Figure 12: Latency under varying network scenarios.

TP Overlapping

TP-overlapping achieves a 1.57× reduction in end-to-end latency compared to non-overlapping, with negligible impact on GEMM efficiency.

Figure 13: The normalized GEMM, COMM and E2E latency of tensor parallelism computation without and with TP-Overlapping on a single node.

FTAR vs. NCCL AllReduce

FTAR matches or outperforms NCCL AllReduce in latency, while using half the GPU thread blocks, thus reducing SM contention.

Figure 14: Normalized AllReduce latency comparison between FTAR and NCCL with varying rank numbers and message sizes.

Inference: AllToAllvDynamic

AllToAllvDynamic delivers 15–80% lower end-to-end decode latency in distributed inference, with greater improvements as batch size and token count increase.

Resource Efficiency and Tooling

NCCLX introduces lazy algorithm/channel allocation and a slab allocator for metadata, reducing HBM usage by nearly 2× compared to baseline NCCL in large-scale LLM training.

Figure 15: Lazy Feature Example; memory can be saved by allocating fewer channels as well as fewer metadata/algorithm buffers.

Figure 16: Example usage of Slab Allocator; multiple metadata can fit into 2MB slabs to avoid waste.

Comprehensive tooling for fault localization, performance observability, and CPU emulation enables rapid debugging and validation at scale.
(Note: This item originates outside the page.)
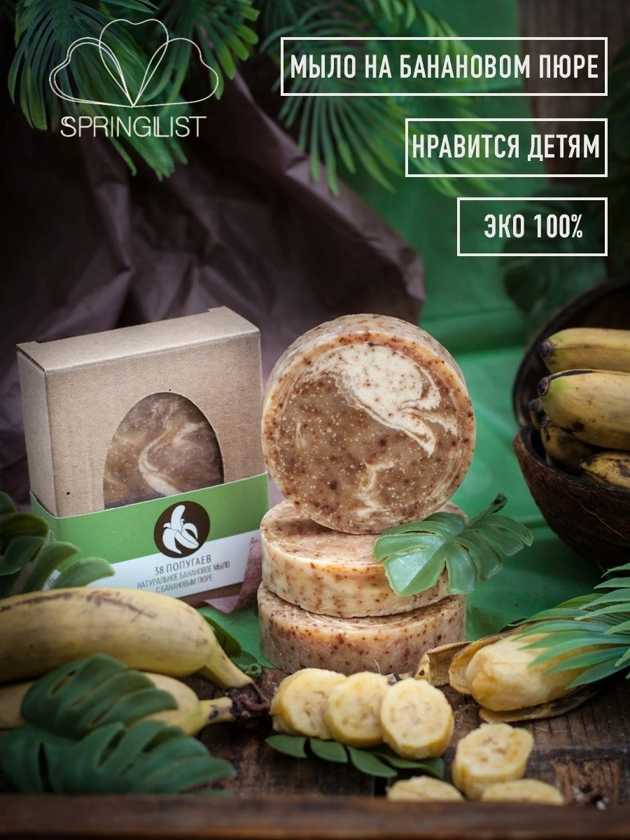Мыло на банановом пюре полностью натуральное заменит привычные жидкое мыло, мыло туалетное, мыло детское. Натуральное мыло с ярким ароматом спелых бананов, темные крапинки в дизайне честное доказательство добавления банана в состав. Мыло ручной работы обогащенное витаминам Е и маслами ши, пальмовое, кокосовое, оливковое, касторовое, прекрасно ухаживает за кожей, подходит как мыло для лица и мыло для тела, мыло банное, мыло для интимной гигиены. Мыло хорошо пенится, его можно использовать как мыло для бритья или мыло пенка. Косметическое мыло, Сварено мыло своими руками будет нежно заботиться о вашей коже и дарить только положительные эмоции. Мыло антибактериальное, прекрасно подходит для детей и аллергиков. Мыло кусковое в подарочной упаковке прекрасно подойдет как подарочный набор для женщин и мужчин на день рождение, новоселье, для банного набора, на 8 марта, маме, бабушке, подруге, любимой, папе, любимому, другу, как подарок для ребенка или коллеги.

Implications and Future Directions

NCCLX demonstrates that host-driven, zero-copy collective communication is essential for scaling LLM workloads to 100k+ GPUs. The framework's flexibility enables rapid deployment of custom algorithms, topology-aware optimizations, and robust fault tolerance. The GPU-resident collective paradigm is particularly impactful for inference, eliminating the need for dual runtimes and reducing operational complexity.
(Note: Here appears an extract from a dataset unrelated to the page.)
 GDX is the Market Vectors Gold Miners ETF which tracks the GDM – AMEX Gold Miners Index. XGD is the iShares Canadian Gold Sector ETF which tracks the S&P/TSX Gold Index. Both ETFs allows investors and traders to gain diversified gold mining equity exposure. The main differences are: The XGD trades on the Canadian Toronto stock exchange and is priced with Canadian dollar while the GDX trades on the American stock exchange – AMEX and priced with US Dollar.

Theoretically, the work underscores the necessity of co-designing communication libraries with both hardware topology and ML workload characteristics. Practically, NCCLX's open-source release will likely influence the broader ecosystem, driving adoption of host-driven, zero-copy, and GPU-resident communication primitives.
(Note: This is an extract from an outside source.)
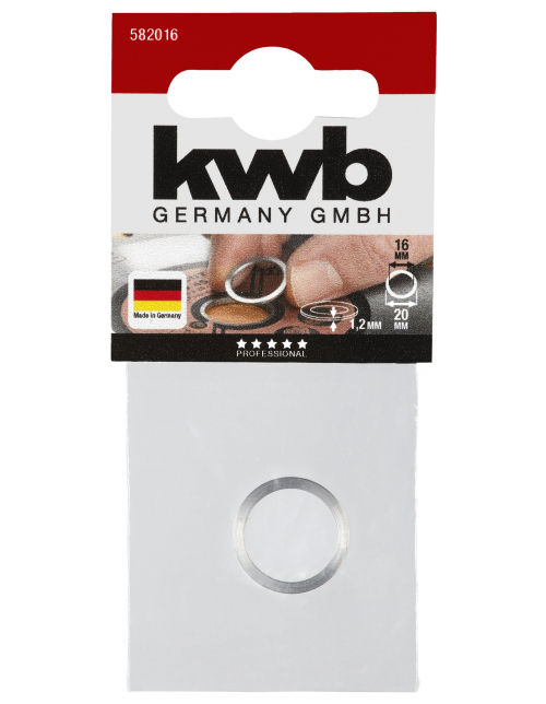 kwb Verloopringen voor cirkelzaagbladen -- Verloopringen voor alle gangbare cirkelzaagbladen met gaten van Ø 20 mm naar Ø 16 mm en gaten van Ø 30 mm naar Ø 16 mm, Ø 20 mm en Ø 25 mm.

Future developments may include full device-initiated API support, further integration with CUDA graphs, and automated topology-aware scheduling. As LLMs and other AI workloads continue to scale, the principles established by NCCLX will be foundational for next-generation distributed systems.

Conclusion

NCCLX provides a unified, scalable, and resource-efficient collective communication framework for LLM workloads at the 100k+ GPU scale. By combining host-driven customization, zero-copy transport, topology-aware algorithms, and GPU-resident collectives, it addresses the critical bottlenecks of both training and inference. The empirical results on Llama4 workloads validate its effectiveness, and the architectural innovations set a new standard for distributed AI infrastructure.